# Sub Timing/Phase Adjustment Procedure



## Lumen (May 17, 2014)

First off, I'm not even sure I need to ask the questions that appear below. I think the purpose of time-aligning a sub is to smooth out the frequency response in the crossover region. I also think that auto EQ like Audyssey and Dirac do this for you. *But if using REW, I think it's a manual procedure, correct?*

I know it's onsite somewhere, but *I can't find any info on how to time-align a sub using REW in a multichannel system*. Some threads have suggested using the RTA function in REW, but stop there. Other threads refer to a group-delay method that's been described as complex and non value-added. Rhetorical question: "Who's right?" 

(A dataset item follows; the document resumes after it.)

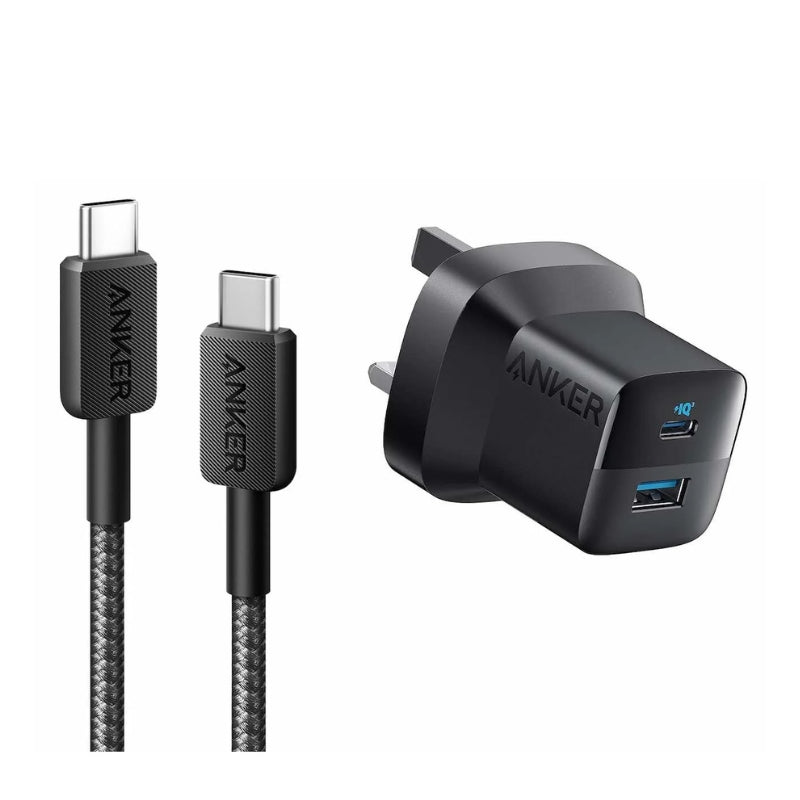 - شاحن أنكر 323 بقدرة 33 واط مع كيبل تايب سي إلى تايب سي بطول 1 متر - اسود | Anker 323 Charger 33W + USB-C to USB-C Cable (3ft) – Black

If this has already been covered before, can you please link me to the right thread?

Also, *it would be very helpful to have a birds-eye view of the process*. Just an outline of the major steps would be nice!


----------



## Wayne A. Pflughaupt (Apr 13, 2006)

BlueRockinLou said:


> First off, I'm not even sure I need to ask the questions that appear below. I think the purpose of time-aligning a sub is to smooth out the frequency response in the crossover region. I also think that auto EQ like Audyssey and Dirac do this for you. *But if using REW, I think it's a manual procedure, correct?*


Yes, time alignment is important to achieve smooth response through the crossover region. Strictly speaking, REW has nothing to do with that. It only shows you the results of the Audyssey or Dirac auto-set up to confirm it’s been done right.




> I know it's onsite somewhere, but *I can't find any info on how to time-align a sub using REW in a multichannel system*. Some threads have suggested using the RTA function in REW, but stop there. Other threads refer to a group-delay method that's been described as complex and non value-added. Rhetorical question: "Who's right?"

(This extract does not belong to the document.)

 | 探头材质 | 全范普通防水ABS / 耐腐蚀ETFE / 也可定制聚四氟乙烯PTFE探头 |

RTA, group delay, etc. – these things are only useful or needed if you intend to do the set-up manually. If your equipment has Audyssey or Dirac, use it and you won’t have to worry about any of this. :T

Regards, 
Wayne


----------



## theJman (Mar 3, 2012)

The term "time align" is generally associated to the adjustments that ensure the output of every speaker and subwoofer reach your ears simultaneously. The most effective way to achieve that manually is to use the 'distance' setting in your AVR or, as you've noted, let the auto EQ system (Audyssey, et al) do the work for you.


----------



## Lumen (May 17, 2014)

Yes Wayne and Jim, I'll let Dirac handle it for now but there's only one problem. My Emotiva XMC-1 has a fixed house curve, which is too bright for my taste. A user-adjustable firmware version is scheduled to be released "soon". The XMC-1 also has REW PEQ capability, which I've set-up. I swap back and forth depending on source material. 

Dirac does a subjectively better job than REW at recreating a convincing sound field, but it seems bass-shy and treble heavy even after many measurement trials and mic patterns. While I wait for adjustable house curves, I'd like to improve my basic REW skills to get better results. I'm sure the good people here will help me interpret my graphs and keep me on the right path!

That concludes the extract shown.